[Exercise data]:
+-------+
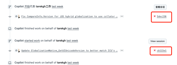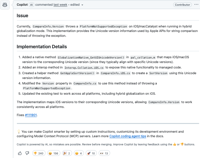 来看一个实战例子——一个 PR 的标题是“为混合全球化实现 CompareInfo.Version”,Copilot 被指派来修复相关问题。
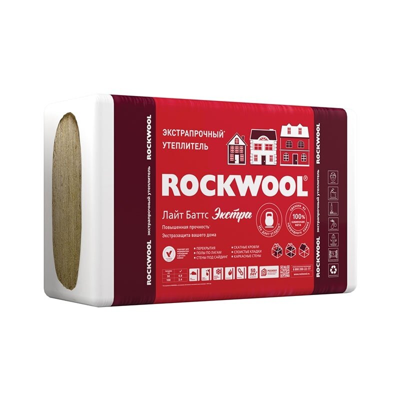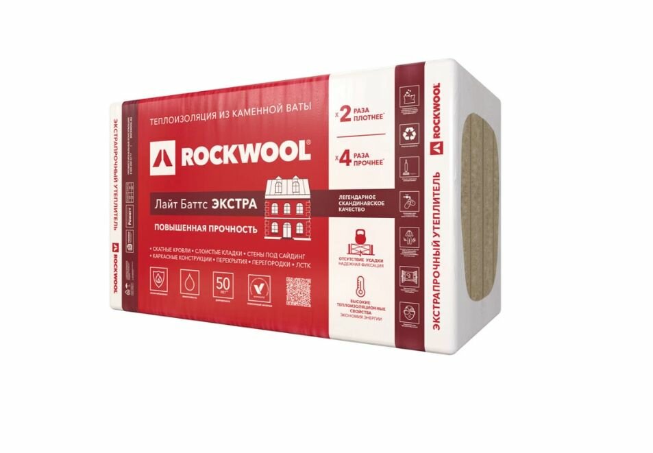 **Утеплитель Rockwool Лайт баттс Экстра** используется для отделки кровли, каркасов, перегородок и перекрытий административных и жилых зданий. Обеспечивает защиту от воздействия осадков и ветра, пожаробезопасность и пароизоляцию. Применение изделия позволяет оптимизировать затраты на отопление. Обладает влагостойкостью.
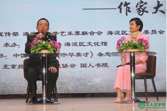 柳建伟在开场白中说到:习近平总书记在十九大报告提出“坚定文化自信,推动社会主义文化繁荣兴盛”,特提出“要坚持为人民服务、为社会主义服务,坚持百花齐放、百家争鸣,坚持创造性转化、创新性发展”。这也是“百川汇海.作家大讲堂”的特点和很好的践行。说到这,柳建伟以军人特有的尊重给主创团队——海淀作协敬礼。这也博得了在场观众的掌声和共鸣。
+-------+
[Exercise instructions]: The whole listing must be restated word for word. Leave out any pictures.

[Exercise answer]:
 来看一个实战例子——一个 PR 的标题是“为混合全球化实现 CompareInfo.Version”,Copilot 被指派来修复相关问题。
 **Утеплитель Rockwool Лайт баттс Экстра** используется для отделки кровли, каркасов, перегородок и перекрытий административных и жилых зданий. Обеспечивает защиту от воздействия осадков и ветра, пожаробезопасность и пароизоляцию. Применение изделия позволяет оптимизировать затраты на отопление. Обладает влагостойкостью.
 柳建伟在开场白中说到:习近平总书记在十九大报告提出“坚定文化自信,推动社会主义文化繁荣兴盛”,特提出“要坚持为人民服务、为社会主义服务,坚持百花齐放、百家争鸣,坚持创造性转化、创新性发展”。这也是“百川汇海.作家大讲堂”的特点和很好的践行。说到这,柳建伟以军人特有的尊重给主创团队——海淀作协敬礼。这也博得了在场观众的掌声和共鸣。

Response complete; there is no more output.